Пятнадцать метров. Не расчёт, не решение, не мой счёт — пятнадцать метров.
— Тридцать одна. — Дейнека договаривает уже одним воздухом, голос у него сел совсем, и он придерживает горло здоровой рукой, будто это поможет. — Все живы. Двоих накрыло пылью, отряхнули. Один просит закурить, значит, доедет.
— В кузове было восемь.
— Семь. — Он не поправляет меня, он сообщает. — И шофёр.
Восьмого зовут Прищепа, он из Балаклавы, и его фамилию я узнаю через минуту от матроса, который вместе с ним грузил ящики на этой стенке всё прошлое лето. Тот замер над телом, держа в руках чужой картуз, и рассказывает про ящики, и про то, что Прищепа спорил из-за веса и всегда оказывался прав, и остановить его нельзя. Ни одна из этих подробностей не делает ничего лучше. Они просто есть, и они останутся.
Гринько находит меня у выступа склада. Он не торопится и по дороге поправляет чью-то сбившуюся шинель на носилках, и разговор наш начинается уже с этого, до первого слова.
— Ты орал на матроса при исполнении.
— Я считал.
— Ты орал «три и вниз», когда в кузове было восемь. — Он остаётся вполоборота, лицом к обгоревшей машине, и голоса не поднимает ни на полтона; от этой ровности хуже, чем было бы от крика. — Объясни.
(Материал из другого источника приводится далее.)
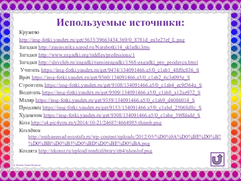 Используемые источники:Кружево http://img-fotki.yandex.ru/get/5633/39663434.369/0_8781d_ea3e27ef_L.pngЗагадки http://zanimatika.narod.ru/Narabotki14_skladki.htmЗагадки http://www.zagadki.org/riddles/professions/1Загадки http://slavclub.ru/zagadki/razniezagadki/1568-zagadki_pro_prodavca.html Учитель https://img-fotki.yandex.ru/get/9474/134091466.a5/0_c1ab1_48f0c836_SВрач https://img-fotki.yandex.ru/get/9360/134091466.a5/0_c1ab2_6c3e095e_SСтроитель https://img-fotki.yandex.ru/get/9108/134091466.a5/0_c1ab4_ec9f364a_SВодитель https://img-fotki.yandex.ru/get/9509/134091466.a5/0_c1ab8_a12ae972_SМаляр https://img-fotki.yandex.ru/get/9359/134091466.a5/0_c1ab9_d4086014_SПродавец https://img-fotki.yandex.ru/get/9153/134091466.a5/0_c1abd_25068d8c_SХудожник https://img-fotki.yandex.ru/get/9308/134091466.a5/0_c1abe_39ffdadd_SКоза http://s4.pic4you.ru/y2014/10-21/24687/4664985-thumb.pngКозлёнок http://muhammad-mustafa.ru/wp-content/uploads/2012/05/%D0%9A%D0%BE%D0%B7%D0%BB%D0%B5%D0%BD%D0%BE%D0%BA.png Козлята http://ukomr.ru/upload/medialibrary/eb4/nhonlof.png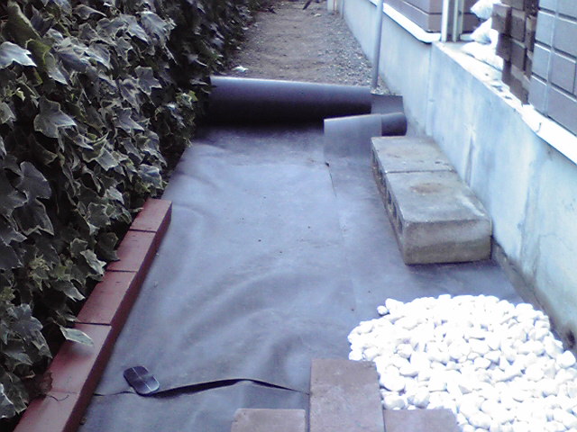 ホームセンターで玉砂利の10キロ入り20袋と防草シート10ⅿ、レンガ数十個を買い早速作業の続きです。かなり暑い時期なので、休憩を挟みながら進めます。

— Огонь шёл к моторному щиту. За щитом бак. При таком огне у него было секунд двадцать пять, я дал двадцать. Он вынес семь и остался цел. Если бы бак пошёл на девятнадцатой, я бы потерял Ковтуна и тех троих, кого он уже вынес, и восьмого всё равно.
— А если бы бак не пошёл вообще?
— Он и не пошёл.
— Вот именно. — Гринько смотрит на чёрную полуторку. — Ты был прав по расчёту и ошибся по факту. Это будет с тобой ещё много раз, Гуляев, и я тебе сейчас скажу одну вещь, а ты запомни: считать надо всё равно. Тот, кто перестанет считать, вынесет восьмерых один раз и не вынесет никого во все остальные.
Он поворачивается уходить и на полушаге договаривает:
— Ты за кем закреплён был?
— За всеми понемногу.
— Плохая должность. На следующем выходе получишь одну.
— Какую?
— После сна узнаешь.
Каша ждёт в кубрике в закопчённом котелке. По краям она успела схватиться в тёмную корку, зато в середине ещё горячая; над ней поднимается пар, пахнущий салом и дымом, и этот запах перебивает наконец карболку, которая стоит в носу с утра. Кок гремит черпаком и никого не торопит: у него сегодня еда осталась, потому что кому-то она уже не нужна, и вслух он этого не скажет, но накладывает всем с верхом.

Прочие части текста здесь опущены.